Por cada asesinato de uno de sus compañeros, los estudiantes organizados se


sentían más frustrados. A veces su ira explotaba en contra de quienes
aparentemente fueron parte de las fuerzas represivas. Los comités de
autodefensa, al detectar a un supuesto "oreja", lo desnudaban y lo hacían caminar
por el campus hasta expulsarlo del lugar. En algunas ocasiones estos comités
ajusticiaron a los capturados. En junio y julio de 1980, varios agentes de las
fuerzas de seguridad aparecieron muertos en la Ciudad Universitaria. Estos casos
pudieron haber sido parte de la reacción estudiantil o rebelde ante el terror del
Estado

Conforme se agudizaba el conflicto, las acciones militares de la oposición se


hicieron más frecuentes. Por ejemplo, el domingo 7 de septiembre, la derecha
política convocó a una manifestación "anticomunista" y pro gobierno frente al
Palacio Nacional. Para contrarrestar este intento oficial de mostrar apoyo popular,
la guerrilla colocó una serie de bombas en el centro de la ciudad. Una de éstas
explotó frente al Palacio, matando a siete personas. A pesar de esto la
manifestación se llevó a cabo con la participación de más de cien mil personas,
muchos de ellos trabajadores públicos que habían sido obligados a asistir

Aunque las manifestaciones públicas eran casi imposibles, los cortejos fúnebres
se convirtieron en una oportunidad para expresar el repudio hacia el Estado.
Algunos de éstos se debieron realizar en el interior de la Ciudad Universitaria, por
temor a que fueran blanco de ataques de agentes del Estado.

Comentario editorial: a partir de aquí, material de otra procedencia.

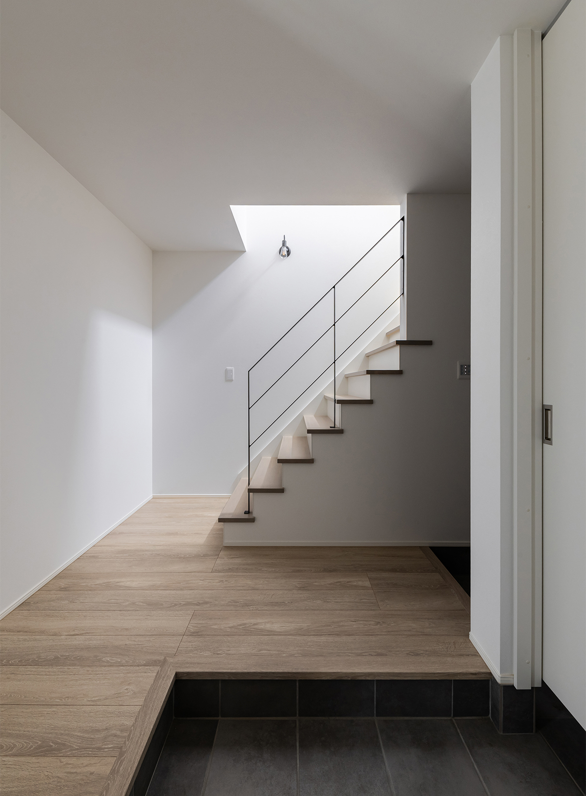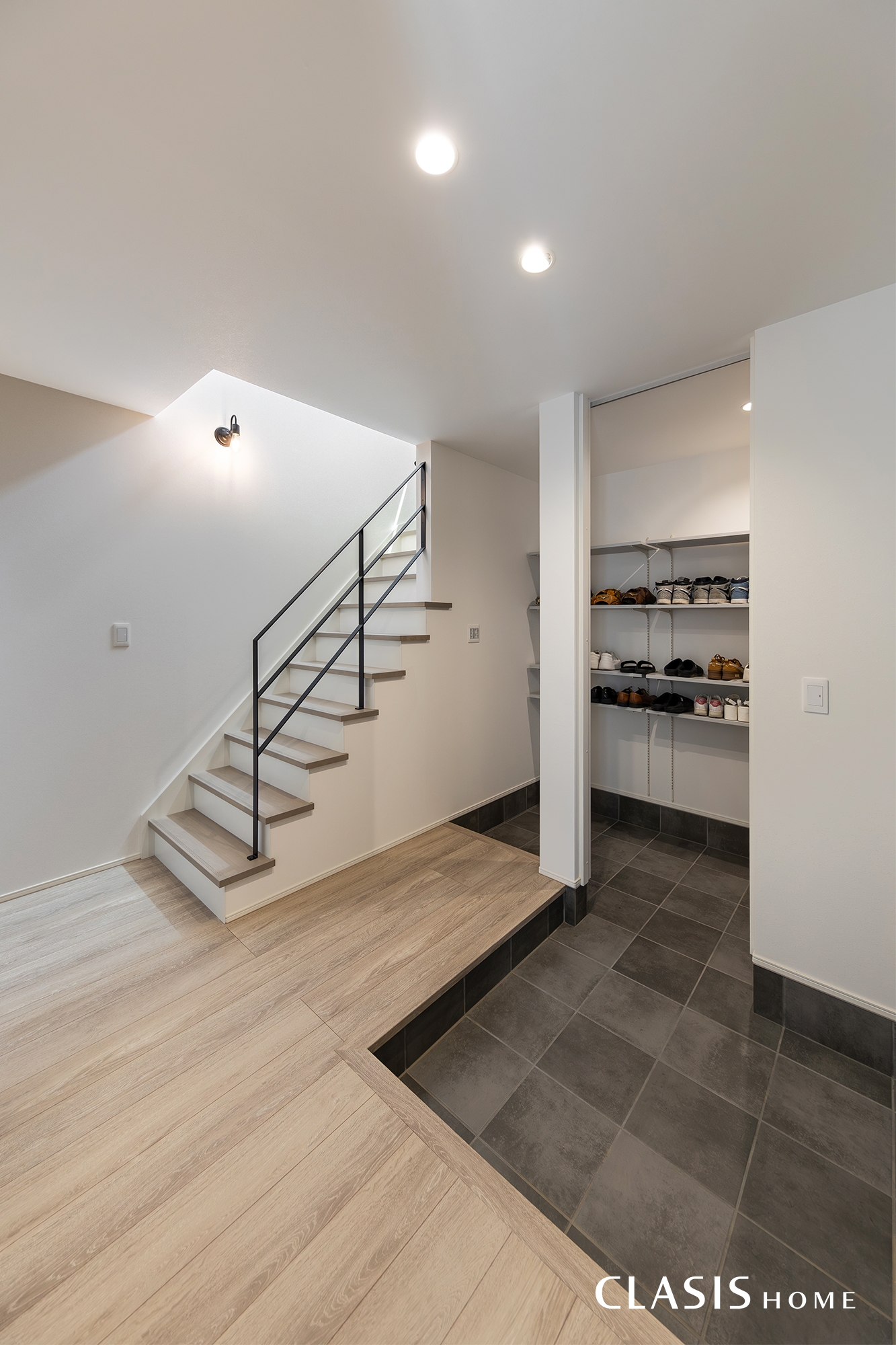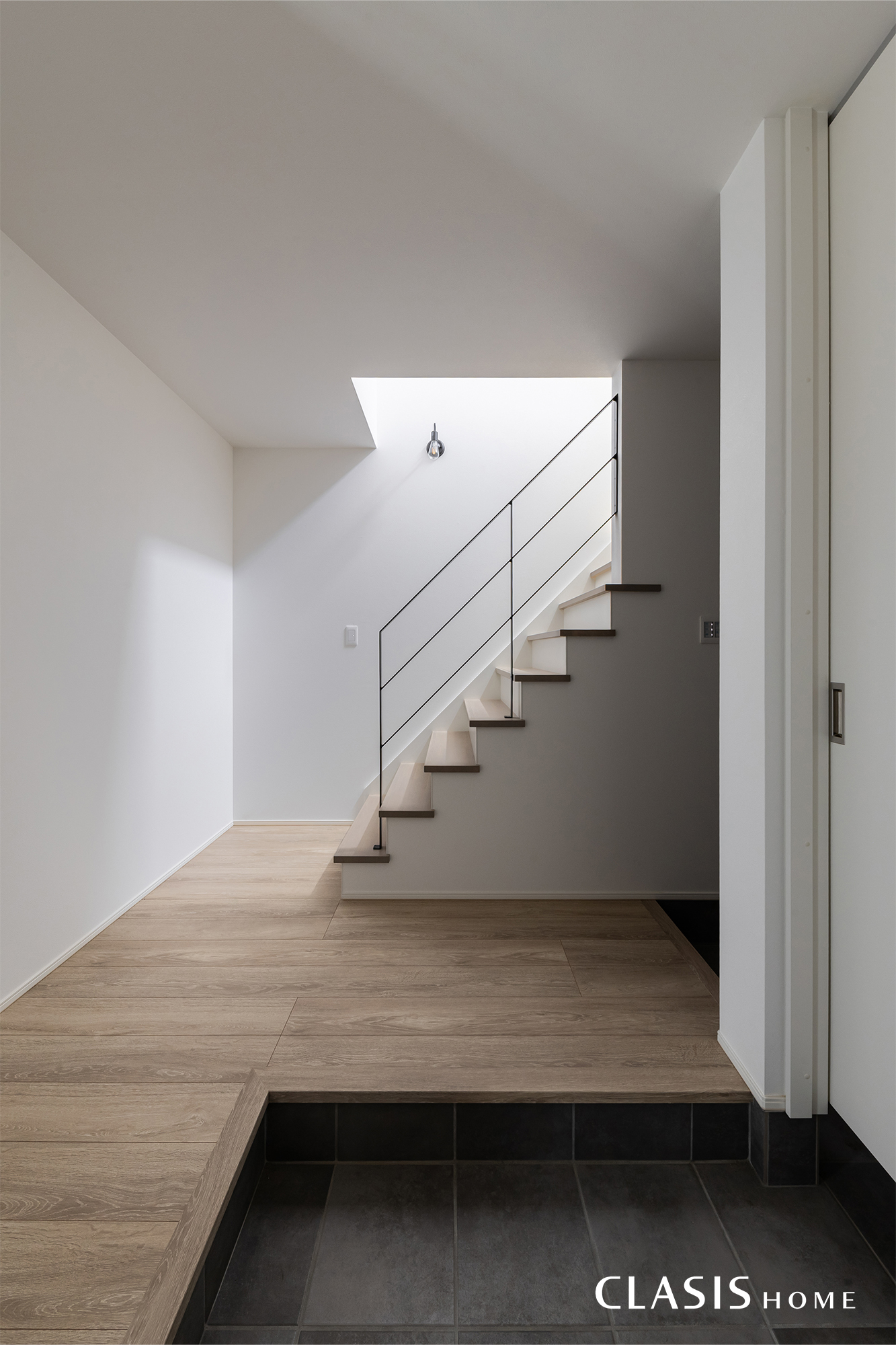 玄関入ってすぐ階段が目に入るので、照明と鉄骨手すりをアクセントにしながらも、すっきりした空間に仕上げました。サイドには使い勝手の良いSCLも用意されています。

Sin duda, muchos de los sobrevivientes de la época del terror aún sufren traumas
y heridas. Esa psicosis de persecución trastornó a quienes la sobrevivieron. Un
catedrático de la Facultad de Derecho, quien enterró a muchos de sus
compañeros de estudio, recuerda cómo "todos nos sentíamos perseguidos y
veíamos la cara de un policía judicial en cualquiera". Hay quienes dependían de
los tranquilizantes para poder vivir. Otros se desahogaron en el alcoholismo, o les
sirvió para adquirir el coraje y poder ir así un día más a la Universidad.